さて、ニャロメの活躍により、人気作品となった『ア太郎』であるが、そもそもニャロメとは、いつ頃、どのような形で発生してきたキャラクターなのか、余り知られていない。
元々ニャロメは、ドラマの進行を促すべく、コマの片隅に幕間的に現れては消える、台詞すらない単なるペットマーク的なキャラクターに過ぎなかった。
1968年頃より、赤塚は『バカボン』の作中、リアルなタッチで描かれた月夜の景観を、ページ半分程を使い、ドラマのインターミッション的役割を担う特殊効果として、頻繁に取り入れるようになった。
下絵の段階で、赤塚が大きく鉛筆で「夜」とだけ書いたものを、古谷三敏が、そのリリシズム溢れる繊細な筆致で、バラエティーに富んだ様々な夜景に仕上げ、美麗且つシュールな幻想的空間をヒトコマに凝縮して描いてみせたのだ。
赤塚が下絵の段階で、特にシチュエーションを指定せず、古谷の叙情的センスに一任して描かせたのも、その作品世界に斬新なエフェクトを生み出す一因となったのだろう。
その夜のシーンに、赤塚は一つの点景として、直接ドラマの進行とは関係ない、下弦の月に照らされては、片手倒立する野良犬を神出鬼没に配置させ、読者の意表を突いていた。
そんな類縁性に基づく、自然延長線上に位置するキャラクターとして、『ア太郎』にも、同じく夜景の大ゴマ等に、尖った耳と大きな目が印象的な野良猫を好んで描き加えるようになり、これがニャロメのキャラクターメイクの原点となったのである。

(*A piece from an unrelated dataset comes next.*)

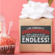 Dieses Design enthält ein kühnes, humorvolles Zitat mit der Aussage: "Ich bin derzeit unbeaufsichtigt, ich weiß, es macht mich auch verrückt. Aber die Möglichkeiten sind endlos!" in einem Mix aus markanten roten und schwarzen Schriftart, perfekt, um eine sorglose und freche Einstellung auszudrücken.

また、「ニャロメ」というネーミングは、1970年代より、オリベッティ社配下のエットレ・ソットサスのデザイン研究所を拠点に、デザイナー、前衛アーティストとして世界を股に掛けて活躍することになる立石鉱一ことタイガー立石と知遇を得た際に、赤塚が直接彼から見せてもらったという自作のナンセンス漫画のワンシーンからヒントを得て、名付けられたものだ。
元々立石は、「ボーイズライフ」のユーモアページを中心に、アメリカンコミックを彷彿させる小洒落たサイレントギャグを複数執筆しており、後に公私に渡り密接な間柄となった赤塚は、前述のフジオ・プロ発行のファン向けギャグ漫画誌「まんが№1」に、やはりシュールな前衛的感覚を際立たせた『ガギググゲゲラ』なるナンセンス漫画を立石に連載させるなど、その才能を高く評価していた。
立石作品の登場人物達が激昂した際に発する、「コンニャロメ」、「キショウメ」といった奇抜な言語表現に直截的な影響を受けた赤塚は、そんな場面転換にのみ登場していた前述のマスコット猫に、ひと言「ニャロメ」と鳴かせ、ここで漸く、ニャロメのキャラクターの原型が形作られることになったのだ。